• _GIVEN INFORMATION_:
━━━━━━━━━━━━━━━━
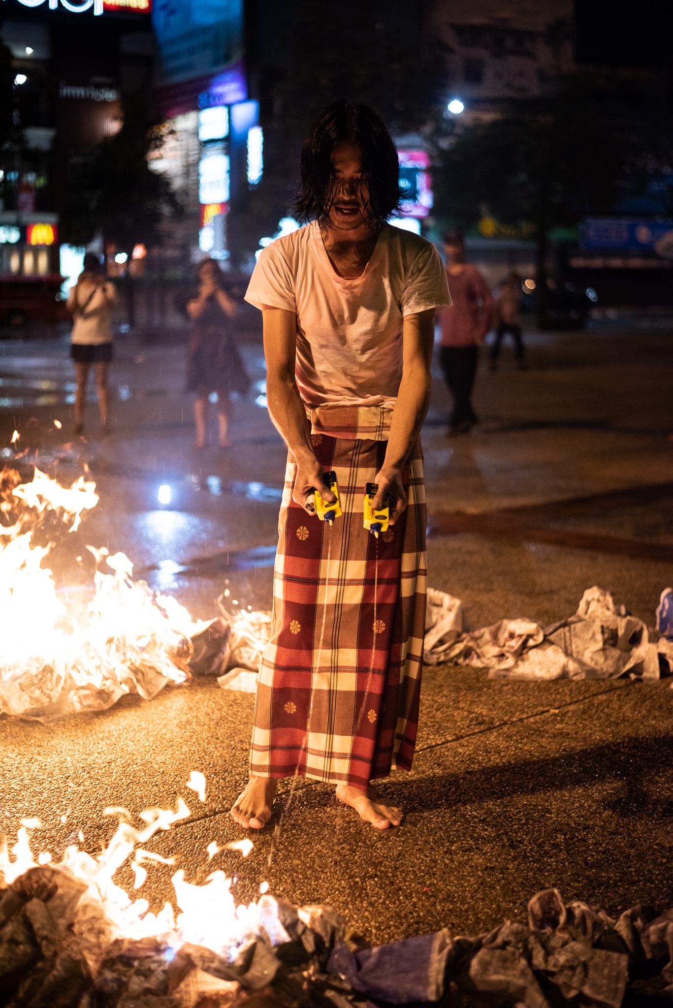 “I come with a friend, we study art together,” said Benz about the performances, “I just want to practice my way to express freedom of speech and action in a public space. As an artist. As a citizen of this country.”
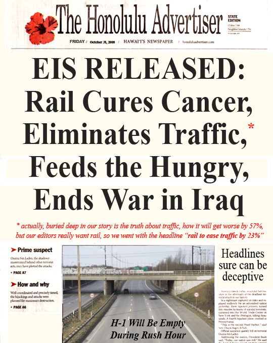 When Headline Writers Run Amok With Just Days Before the Rail Vote, Editors of the Honolulu Advertiser Abandon Pursuit of Truth and Simply Invent the News . . .
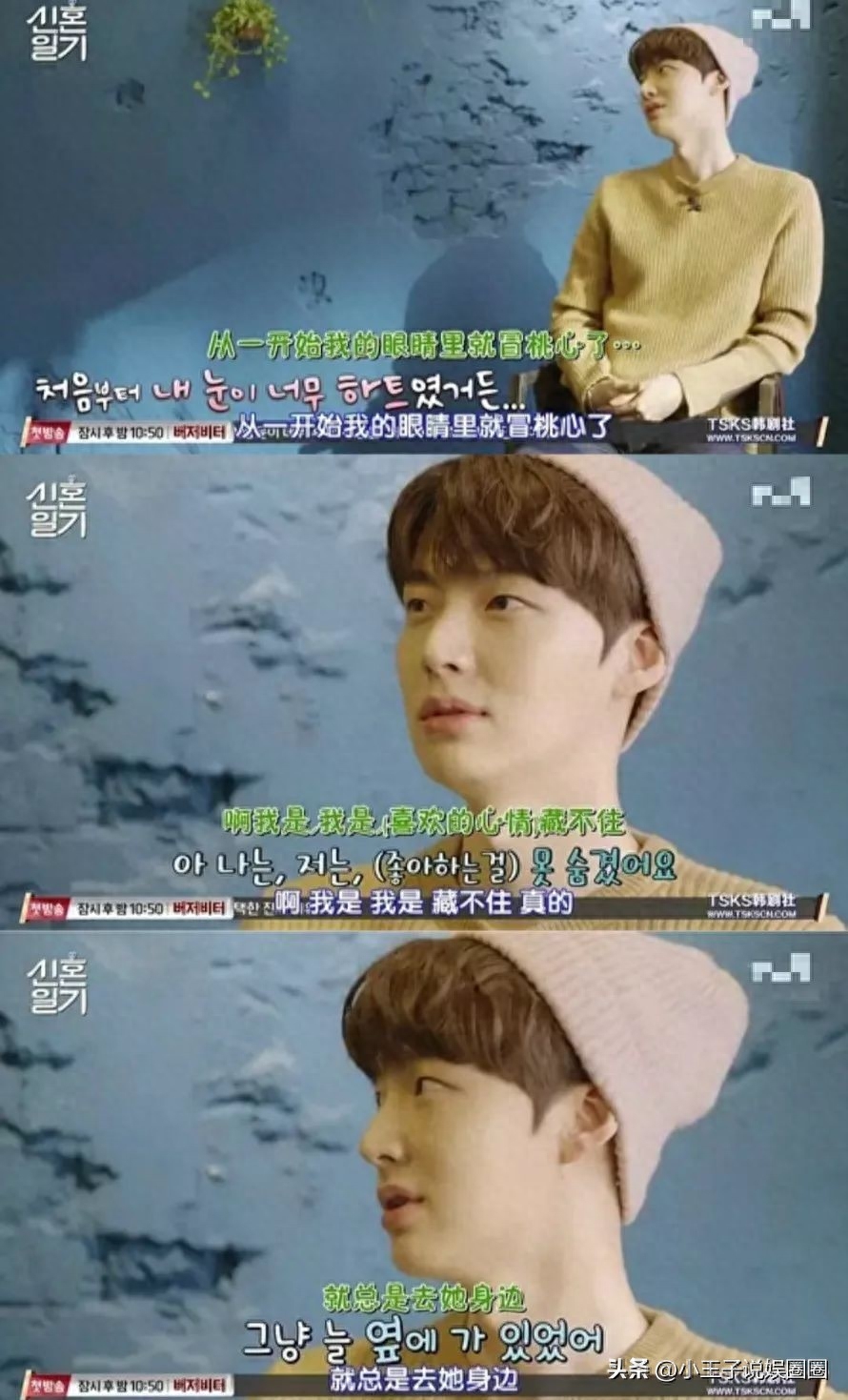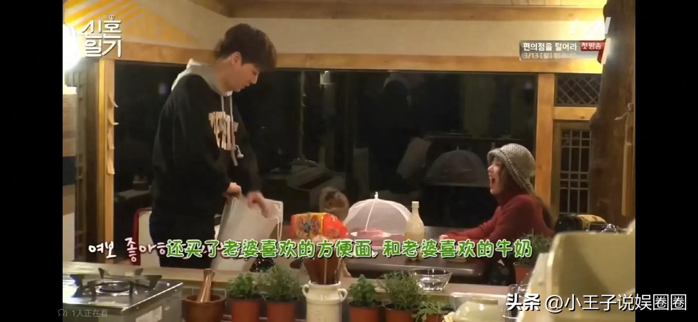 《新婚日记》里有一集,安宰贤要外出工作,具惠善独自一人和宠物们在家,一直到半夜还在客厅等着安宰贤回来,困得瞌睡连天。而安宰贤下车后以快到摄像机差点都没拍到的速度,飞奔到小屋,一眼就看到了具惠善亲手织的毛线餐桌垫,还炫耀给老婆买了最爱的蒸包、方便面和牛奶,像个大金毛一样对具惠善亲了又亲。当时弹幕里都说甜死了。
━━━━━━━━━━━━━━━━
The answer must consist solely of the lines from the line containing "When Headline Writers" to the end of the data, reproduced exactly, with every picture left out.

 When Headline Writers Run Amok With Just Days Before the Rail Vote, Editors of the Honolulu Advertiser Abandon Pursuit of Truth and Simply Invent the News . . .
 《新婚日记》里有一集,安宰贤要外出工作,具惠善独自一人和宠物们在家,一直到半夜还在客厅等着安宰贤回来,困得瞌睡连天。而安宰贤下车后以快到摄像机差点都没拍到的速度,飞奔到小屋,一眼就看到了具惠善亲手织的毛线餐桌垫,还炫耀给老婆买了最爱的蒸包、方便面和牛奶,像个大金毛一样对具惠善亲了又亲。当时弹幕里都说甜死了。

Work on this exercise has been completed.